* [Problem details]: What is needed is an exact repetition of the lines from the first one in the data through the line with "op aarde (MD)", with no pictures.

[Dataset records]
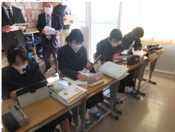
中学校の授業研究
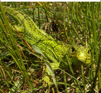
Jaszczurka zwinka (samiec)
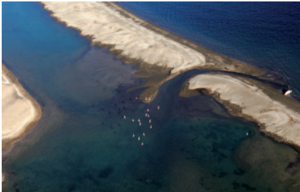
■ Zeeën en oceanen bedekken 71% van het aardoppervlak en omvatten 97,5% van alle water op aarde (MD)

Gemiddeld zijn de wereldzeeën 3.729m diep, terwijl de gemiddelde hoogte aan land slechts 840m bedraagt. Theoretisch kan het globale landvolume dus zonder probleem in de oceanen worden geborgen. Met hun totale oppervlakte van 362.000.000 km 2 en hun volume van 1.350.000.000 km 3 hoeft dit niet te verwonderen. Overigens is het grootste deel van die oceanen duizelingwekkend diep: de abyssale diepzeevlaktes en de mid-oceanische onderwaterbergketens vormen samen ca. 75% van het totale oceaanoppervlak en situeren zich op duizenden meters diepte. Het ons meest vertrouwde, ondiepere en productiefste deel (de zogenaamde continentale platen en hellingen) maakt er slechts 15% van uit.
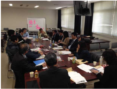
グループ討論の様子
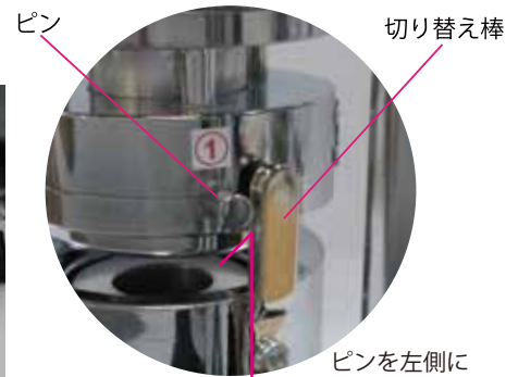
ピンを左側に切り替え棒とピンの間隔を2~3mm程度空ける
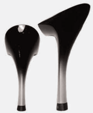
nero sfumato argento
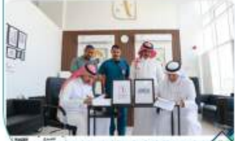
21 مايو 2017 - 11:17 من مساهمة
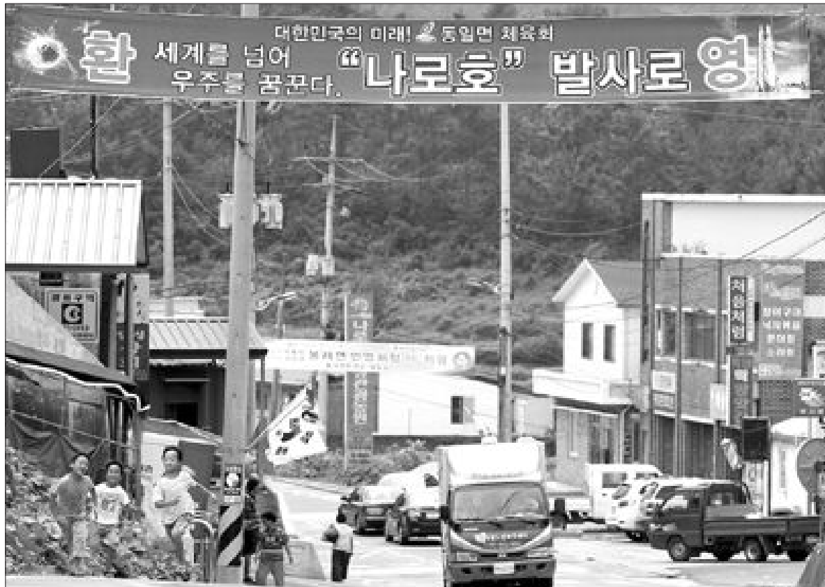
'발사 성공' 현수막

한국 첫 우주발사체 나로호(KSLV-I) 발사를 이틀 앞둔 17일 고흥군 봉래면 나로우주센터 주변 곳곳에 '발사 성공'을 기원하는 현수막이 붙어있다.
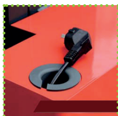
Raddrizzatore a bordo
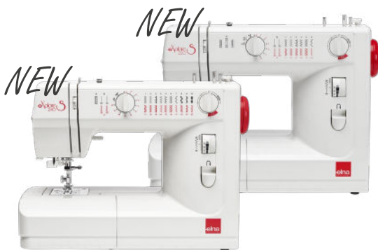
eXplore 240S & 220S
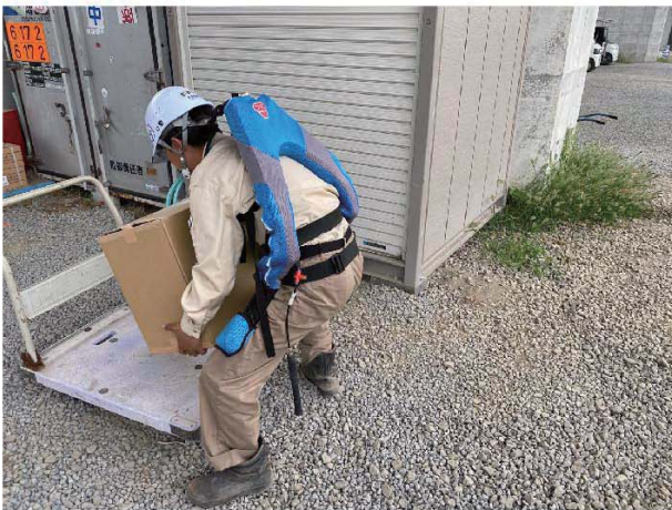
パワーアシストスーツを装着すると...

建設現場にパワーアシストスーツを導入することで、生産性の向上や作業員の疲労軽減などに貢献しています。当日は、パワーアシストスーツを装着してもらい、人力作業を体験していただきます。
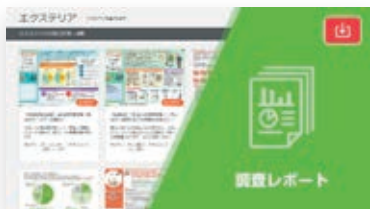
商談に役立つ業界知識!調査レポートのご紹介【会員限定】
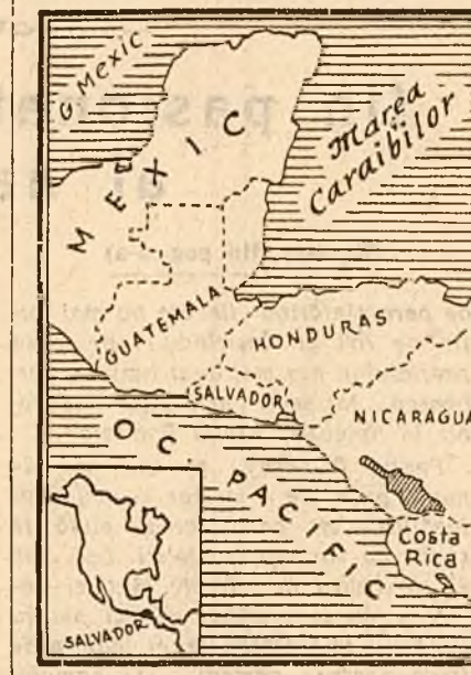
al S.U.A., guvernul juntei militare civile din Salvador a fost răsturnat la 25 ianuarie în urma unei lovituri de stat.
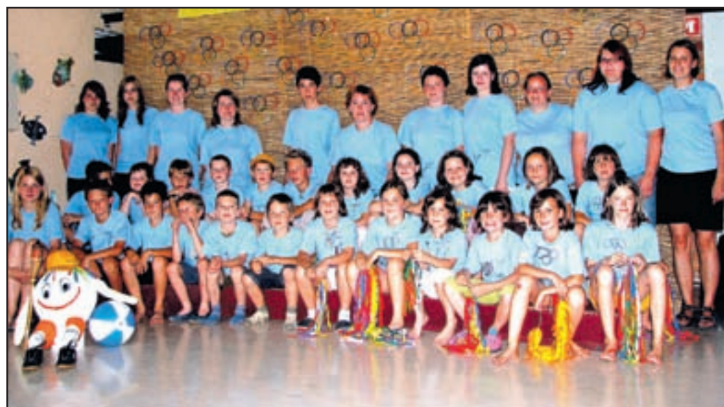
Udeleženci tabora z animatorkami tik pred zaključno prireditvijo, na katero so povabili tudi starše.

Z drugimi kadri se dogovarjajo. "Imamo ustrezno habilitirane predavatelje, nekaj docentov, rednih in izrednih profesorjev, tako da bo zasedba profesorskega kadra dobra. Seveda želimo, da študentom ponudimo čim boljši kader, zato da bo njihovo znanje po končanju študija takšno, da bodo zanimivi za zaposlitev."
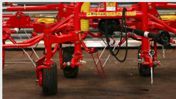
Podporna kolesa z večstopenjsko nastavitvijo višine in hitro nastavitvijo kota trošenja.
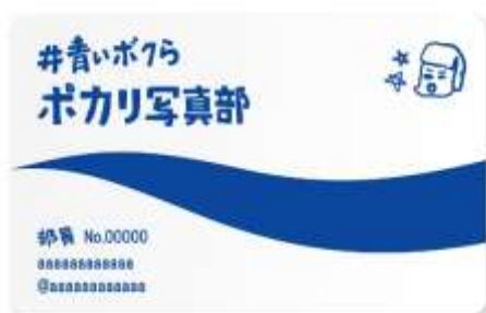
「ポカリ写真部」部員証
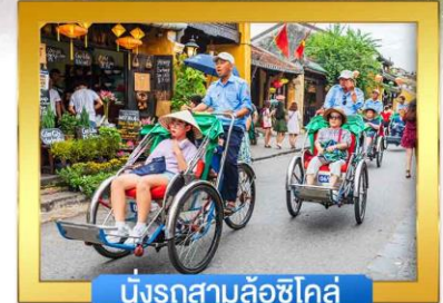
นั่งรถสามล้อซิโคล์
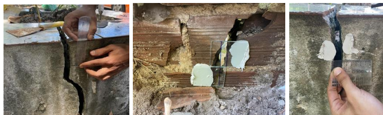
Figura 5. Instrumentação para o acompanhamento da movimentação de terra no talude do São José.

Dessa forma, através da parceria da UFPB com a Defesa Civil de João Pessoa, foi realizada a instrumentação da trinca por meio de um fissurômetro, conforme mostrado na Figura 5, permitindo medições sucessivas para o acompanhamento da movimentação do solo durante o período de maior intensidade pluviométrica na cidade de João Pessoa-PB, que corresponde aos meses de abril a julho.

* [Task answer]:
中学校の授業研究
Jaszczurka zwinka (samiec)
■ Zeeën en oceanen bedekken 71% van het aardoppervlak en omvatten 97,5% van alle water op aarde (MD)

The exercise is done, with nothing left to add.